Même si cette décision judiciaire est applicable dès maintenant, elle n’est pas encore inscrite dans la loi. Ce flou pourrait freiner son application immédiate dans certaines entreprises. En pratique, il est possible que des employeurs contestent ou retardent le report des congés, surtout en l’absence de transposition dans le Code du Travail.

Théoriquement, les salariés concernés ont déjà la possibilité de réclamer la restitution de leurs jours de congé, à condition de présenter un arrêt de travail dûment établi pendant leur période de vacances. Mais tant que la loi n’est pas modifiée, certains cas pourraient nécessiter un passage devant les Prud’hommes, ce qui reste peu probable pour quelques jours seulement.

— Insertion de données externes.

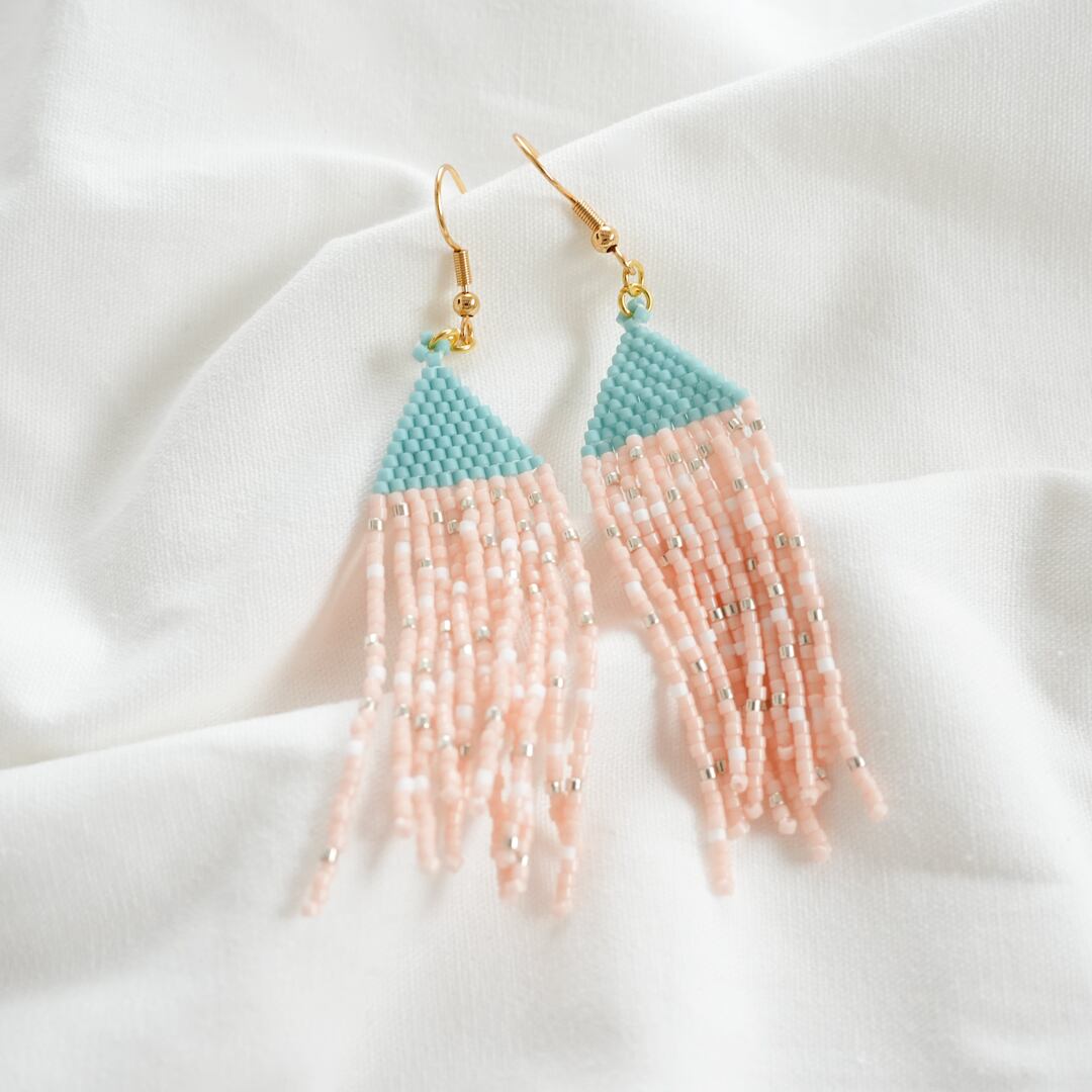 デリカビーズをたくさん使用しフリンジビーズピアスを制作しました。ピンクとブルーの組み合わせがとても可愛らしいピアスです☆また、シルバーのビーズも使用しているのでお顔周りの印象を明るくしてくれます☆他の作品と比べ短めのサイズになっており、より軽く仕上げました。

Ce qui va changer pour les salariés

Une fois la réforme transposée dans la législation française, le report deviendra un droit automatique. Plus besoin de choisir entre se soigner et profiter de ses congés : les jours tombant pendant un arrêt maladie seront reprogrammés. Cela pourrait conduire à un changement de comportement des salariés, qui n’avaient jusqu’ici aucun intérêt à consulter un médecin durant leurs congés.

Un coût supplémentaire pour l’Assurance maladie

Si la mesure est bien accueillie par les salariés, elle risque de peser davantage sur les finances publiques. En cas de maladie pendant les vacances, les arrêts seront désormais pris en charge par la Sécurité sociale, alors qu’ils ne l’étaient pas dans ce contexte. Cela représente une nouvelle charge pour l’Assurance maladie, déjà fragilisée par un déficit estimé à plus de 20 milliards d’euros en 2024.

Le risque existe aussi que certains salariés, encouragés par ce nouveau droit, se tournent plus facilement vers un arrêt médical pendant leurs vacances.

Une réforme inévitable pour rester dans les clous

La France n’avait, semble-t-il, plus vraiment le choix. Bruxelles exigeait une harmonisation avec la directive européenne sur le temps de travail, et avait déjà adressé une mise en demeure à Paris. Le futur gouvernement devrait donc acter cette réforme rapidement, sous peine de sanctions.

À terme, l’inscription de cette mesure dans le Code du Travail mettra fin aux hésitations et aux incertitudes. Elle confirmera le principe fondamental selon lequel la santé du salarié ne doit pas le priver de son droit au repos.